Is it any wonder then that in his next word, he laughs at his caricature of you? No amount of intellect on your part will be capable of persuading him. You are not an intellect to him. You are a thing to laugh at. He already distorts your points in order to allow himself the liberty of attacking his fantasy of your idiocy. Perchance lets say you make the wisest point possible. Something so beautiful that God himself would weep for the brilliance of it. All just men who see it would smile. Ballrooms of people who heard it would stand and clap. We have a good idea of how it is that John would respond to such insight. He would quote his version of you. Then he would laugh at the "it".
I would like to stop interacting with you, because you announced to a third party that I thought they were subhuman over a lower case letter, and won't stop telling me about your religion
Please stop canvassing me now
Let me be clear: I make my evaluation not on that single letter, but because of the totality of the post. Just look at your continual rhetorical flourishes:
> Because that's something you can look up, you know.
> Hooray for you.
> You may be surprised to learn that the ordering of the deck is random.
Do you actually think he is surprised? Do you think he is so dumb that he doesn't know that decks have a random ordering? If you don't - why are you acting like you think he is?

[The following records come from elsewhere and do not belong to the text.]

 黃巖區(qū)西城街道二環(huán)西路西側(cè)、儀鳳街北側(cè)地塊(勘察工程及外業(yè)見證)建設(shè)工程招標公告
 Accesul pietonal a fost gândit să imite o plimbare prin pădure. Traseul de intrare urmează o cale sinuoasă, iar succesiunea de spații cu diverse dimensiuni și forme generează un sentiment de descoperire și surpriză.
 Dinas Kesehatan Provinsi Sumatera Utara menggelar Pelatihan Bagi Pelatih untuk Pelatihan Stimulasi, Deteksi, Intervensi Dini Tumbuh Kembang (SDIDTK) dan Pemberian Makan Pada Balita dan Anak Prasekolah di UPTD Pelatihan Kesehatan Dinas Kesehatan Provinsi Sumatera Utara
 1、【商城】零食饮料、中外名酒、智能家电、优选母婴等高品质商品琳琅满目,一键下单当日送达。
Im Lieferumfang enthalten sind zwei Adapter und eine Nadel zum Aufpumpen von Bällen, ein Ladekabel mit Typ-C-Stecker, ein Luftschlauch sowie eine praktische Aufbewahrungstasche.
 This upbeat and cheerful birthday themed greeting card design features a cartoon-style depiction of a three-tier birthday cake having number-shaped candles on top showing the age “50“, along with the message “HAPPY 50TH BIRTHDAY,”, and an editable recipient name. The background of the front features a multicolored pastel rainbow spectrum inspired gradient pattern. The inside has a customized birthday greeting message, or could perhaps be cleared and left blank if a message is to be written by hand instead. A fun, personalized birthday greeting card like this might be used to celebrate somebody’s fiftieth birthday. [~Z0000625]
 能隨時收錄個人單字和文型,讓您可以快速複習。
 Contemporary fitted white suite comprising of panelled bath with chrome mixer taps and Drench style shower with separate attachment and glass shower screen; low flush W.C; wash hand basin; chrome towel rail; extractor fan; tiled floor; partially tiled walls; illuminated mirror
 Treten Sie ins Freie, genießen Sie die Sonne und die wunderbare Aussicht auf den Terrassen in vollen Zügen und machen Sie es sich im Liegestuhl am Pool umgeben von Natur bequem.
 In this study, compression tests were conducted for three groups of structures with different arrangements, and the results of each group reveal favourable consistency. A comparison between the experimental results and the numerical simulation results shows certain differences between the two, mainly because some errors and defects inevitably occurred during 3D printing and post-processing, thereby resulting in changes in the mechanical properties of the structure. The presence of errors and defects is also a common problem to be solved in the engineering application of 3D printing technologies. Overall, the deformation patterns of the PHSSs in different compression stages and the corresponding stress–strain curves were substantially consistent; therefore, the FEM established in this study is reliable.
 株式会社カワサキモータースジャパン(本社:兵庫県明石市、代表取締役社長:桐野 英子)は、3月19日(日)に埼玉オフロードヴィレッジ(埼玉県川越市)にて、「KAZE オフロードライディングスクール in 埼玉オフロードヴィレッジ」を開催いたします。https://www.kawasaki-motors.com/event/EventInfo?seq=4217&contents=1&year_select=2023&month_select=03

You have a tragic mix of great points and rhetorical appeal with the effect of denigrating your conversational partner. You might not actually be like that, but it is how you appear.
As your posts get longer, you seem to become more convinced these rhetorical flourishes are appropriate. That you end your posts with outright
Predicated on misquotes - misunderstandings - of what the person you are talking to is saying seeming reasonable to you is a big part of why you are posting things that seem right to you only to have them die. That is also why you come across as authoritarian, because you completely mischaracterize the questions people ask and the points they make in order to laugh at them with the net impact that you make it seem like the political body itself has no right to discuss the way it is governed, not just the criminals, but even the people who will vote in the lawmakers.
It is probably a misreading to think you feel this way, but it is also a consequence of how you structured your arguments.
I'm sorry that when you misquoted someone in order to laugh at them that I focused on the letter i not being capitalized; how silly of me - of course it was a typo - you are now already telling people that you shall be amused at my mistake. My assumption that you would likely laugh at a point while mischaracterizing it seems to have missed the mark so badly as to be laughable to you.
Oh jeez, man. If you've gotten to the point of accusing someone of being authoritarian because they said "I don't think the government's going to change the laws because you said you wanted something on social media," then I guess I just don't know what to tell you.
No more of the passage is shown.